Requirement: Copy out the data word for word. The images are not part of the copy.

Information supplied:
+++++

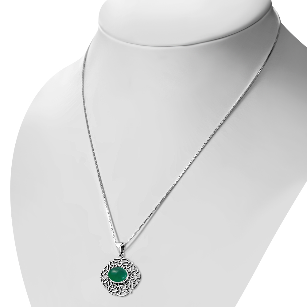 Green Agate Trinity Knots Silver Pendant
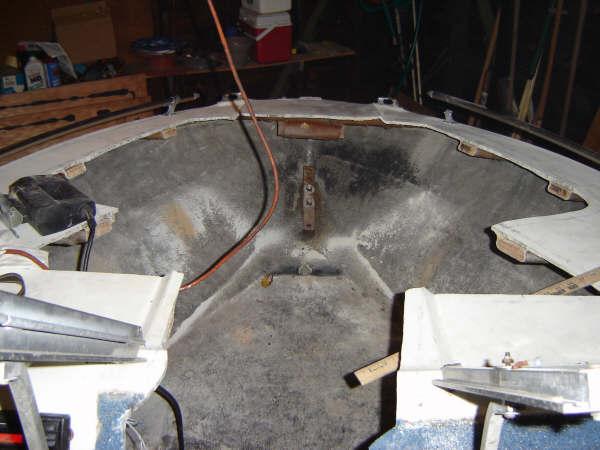 I took out some more of the bow today. I have started to cut large pieces of cardboard where im going to wrap plywood around the bow under whats left of the top. Im going to glass that to the underside of the top and to the inside of the hull all the way around.
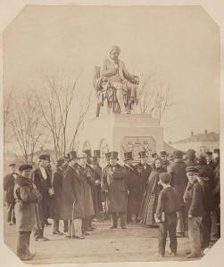 Henrik Gabriel Porthanin (8.11.1739-16.3.1804) syntymän muistojuhla Porthanin patsaalla 8.11.1864. Patsas oli paljastettu saman vuoden syyskuussa. Kuva: J. Reinberg (kuvaaja), Turun museokeskus.
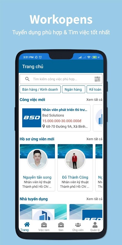 Workopens - ведущая платформа для карьерных возможностей во Вьетнаме. С помощью приложения Workopens вы сразу получите профессиональное, уникальное резюме. В то же время, уважаемые работодатели будут активно приглашать вас подавать заявки на самые горячие работы, экономя время и безопаснее при поиске работы. Ваша задача - создать профессиональное резюме на Workopens прямо сейчас.
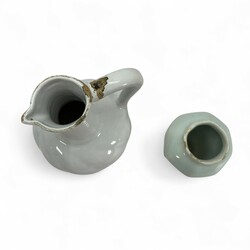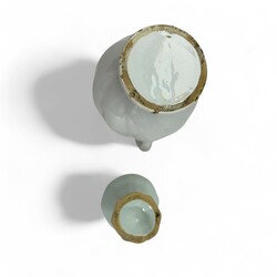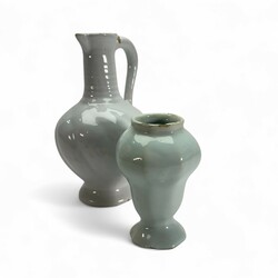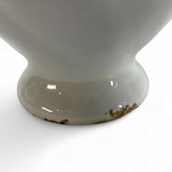 | Omschrijving | Lot van twee antieke 17 e eeuwse Delftse wit aardewerken objecten, een oorkan en een vaas. Conditie: oorkan zonder deksel, randchips. Vaas met randchips. |

+++++

Reply to the exercise:
 Green Agate Trinity Knots Silver Pendant
 I took out some more of the bow today. I have started to cut large pieces of cardboard where im going to wrap plywood around the bow under whats left of the top. Im going to glass that to the underside of the top and to the inside of the hull all the way around.
 Henrik Gabriel Porthanin (8.11.1739-16.3.1804) syntymän muistojuhla Porthanin patsaalla 8.11.1864. Patsas oli paljastettu saman vuoden syyskuussa. Kuva: J. Reinberg (kuvaaja), Turun museokeskus.
 Workopens - ведущая платформа для карьерных возможностей во Вьетнаме. С помощью приложения Workopens вы сразу получите профессиональное, уникальное резюме. В то же время, уважаемые работодатели будут активно приглашать вас подавать заявки на самые горячие работы, экономя время и безопаснее при поиске работы. Ваша задача - создать профессиональное резюме на Workopens прямо сейчас.
 | Omschrijving | Lot van twee antieke 17 e eeuwse Delftse wit aardewerken objecten, een oorkan en een vaas. Conditie: oorkan zonder deksel, randchips. Vaas met randchips. |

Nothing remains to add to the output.